Instructions to follow:
Pull out every line from the line containing "и разложение вектора" through the end of the material, both ends included, and reproduce it exactly. Keep pictures out.

Dataset section:

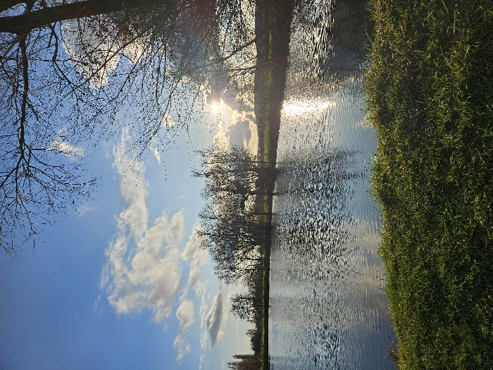 The image displays an outdoor landscape located in Gavisse, France. In the immediate foreground, a dense strip of vibrant green grass occupies the lower portion of the frame. Beyond the grass, a body of water, likely a pond or small lake, extends across the midground, reflecting the sky and sunlight with visible surface ripples. A line of deciduous trees, largely devoid of foliage, stands on the distant bank of the water. Further to the left on the horizon, additional trees are discernible. The sun is positioned low in the sky on the right side of the image, partially obscured by a cluster of trees and clouds, creating a bright glare and a prominent reflection path across the water's surface. The sky above is clear blue with dispersed white cumulus clouds. The upper right section of the frame is dominated by the silhouetted, bare branches of a large tree. No individuals or specific man-made objects are present in the scene.
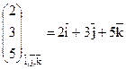 и разложение вектора с координатами 2, 3, 5 в этом базисе можно записать в виде:
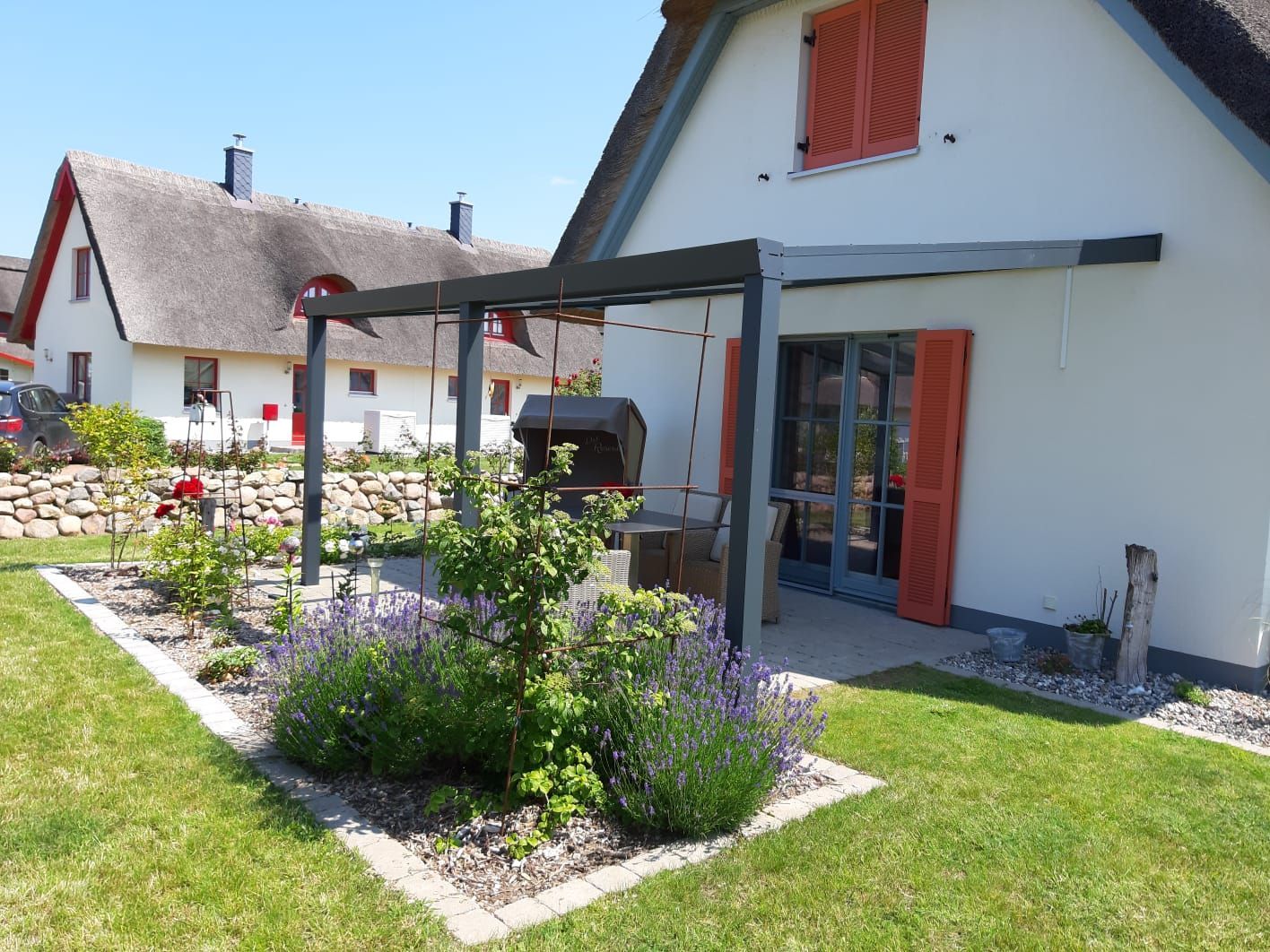460 m² komplett eingezäunter Garten mit Terrassenüberdachung und einem geschütztem Strandkorbplatz, laden zu gemütlichen Grillabende auf der Terrasse ein.

Your solution:
 и разложение вектора с координатами 2, 3, 5 в этом базисе можно записать в виде:
460 m² komplett eingezäunter Garten mit Terrassenüberdachung und einem geschütztem Strandkorbplatz, laden zu gemütlichen Grillabende auf der Terrasse ein.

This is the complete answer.